The results also show that early, localized interventions save lives, scientists who were not involved in the research wrote in a related editorial.

"Timing, distance, and data are critical during a pandemic," Jeffrey Koplan, the principal investigator of the Emory University Global Health Institute, wrote. "There is no one-size-fits-all community solution. To control the spread of the virus, we must localize our responses."

Partial abstract:
Background: Across the United States, various social distancing measures were implemented to control the spread of coronavirus disease 2019 (COVID-19). However, the effectiveness of such measures for specific regions with varying population demographic characteristics and different levels of adherence to social distancing is uncertain.

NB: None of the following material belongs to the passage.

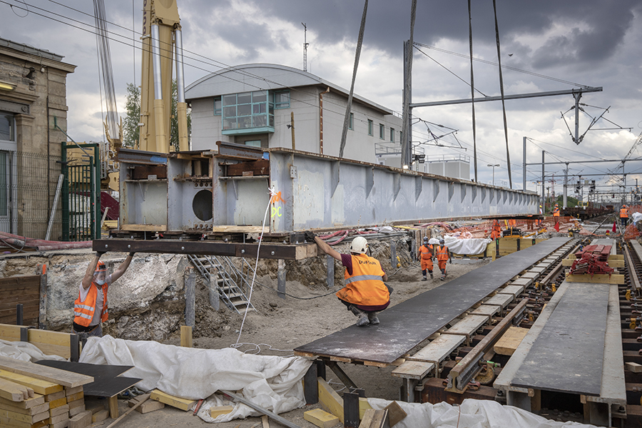 Ce sont 40 mètres de voies qui ont été provisoirement remplacées par un pont ferroviaire, ce pont restera installé le temps du creusement du souterrain.

Results: The timing of and adherence to social distancing had a major effect on COVID-19 occurrence. In NYC, implementing social distancing measures 1 week earlier would have reduced the total number of confirmed cases from 203 261 to 41 366 as of 31 May 2020, whereas a 1-week delay could have increased the number of confirmed cases to 1 407 600. A delay in implementation had a differential effect on the number of cases in the Milwaukee metro area versus Dane County, indicating that the effect of social distancing measures varies even within the same state.
Limitation: The effect of weather conditions on transmission dynamics was not considered.
Conclusion: The timing of implementing and easing social distancing measures has major effects on the number of COVID-19 cases.